December 9, 2023

PBX Science

VoIP & PBX, Networking, DIY, Computers.

Linux system bugs have affected the performance of AMD processors for 20 years

1 min read

Linux system bugs have affected the performance of AMD processors for 20 years

 

Linux system bugs have affected the performance of AMD processors for 20 years.


On Linux systems, people often find that some bugs will greatly affect the performance of current processors.

The old bugs found recently can even be traced back to 20 years ago, causing AMD’s current processor performance to decline in Linux. But Intel’s processors are not affected.

 

This problem was reported by AMD engineer K Prateek Nayak and is related to the fact that Linux systems began to support ACPI in 2002.

At that time, an operation dummy wait op was designed to deal with the problem that STPCLK# was not processed in time in some chipsets.

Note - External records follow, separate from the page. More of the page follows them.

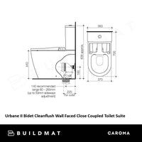 Caroma Urbane II Bidet Cleanflush Wall Faced Close Coupled Bottom Inlet Toilet Suite
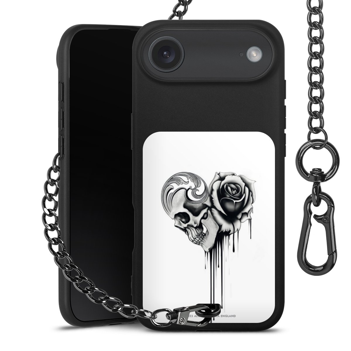 • Mattschwarze Handyhülle mit Metallkette
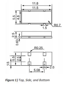 ECS-110.5-18-18-TR,SMD晶體諧振器,6G低成本晶振尺寸圖
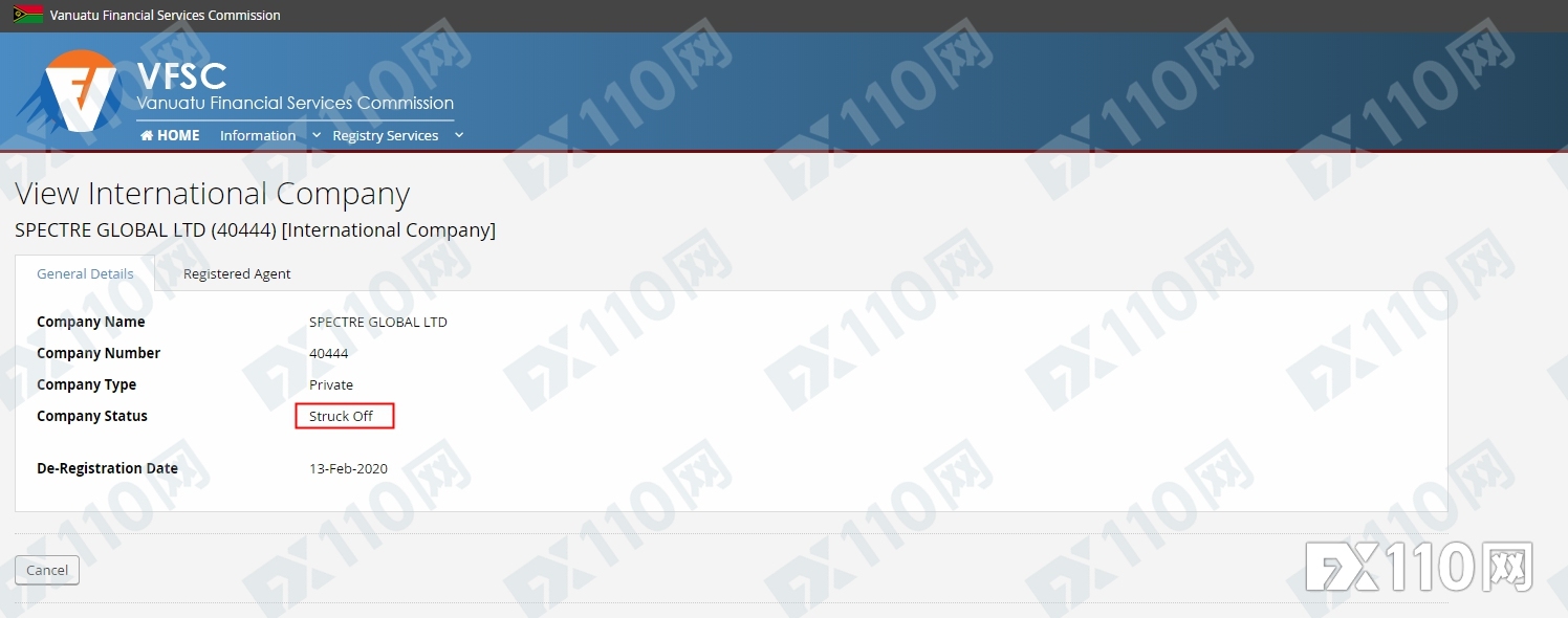 我们在瓦努阿图注册链接输入公司注册号:40444,查询到对应平台为:SPECTRE GLOBAL LTD,公司状态为:已除名,且有注册不代表有监管。也就是说,SPECTRE. AI平台是没有任何监管的黑平台!

However, this process will Delay further instruction processing until the CPU is stopped.

 

This operation was fine on systems from many years ago, however on the latest generations of AMD processors, such as the Zen3 architecture Ryzen, this operation instruction causes severe performance degradation in some cases, especially when it comes to tbench loads.

 

This issue has affected AMD processors for years, but not Intel processors, whose platforms use a different code path instead.

 

The good news is that this problem will be fixed. AMD and Intel engineers have submitted new patches, and the above method is no longer used to deal with the problem.

The relevant patches have been merged into the Linux 6.0 kernel, and there will be no accidents in the future.

 

Linux system bugs have affected the performance of AMD processors for 20 years.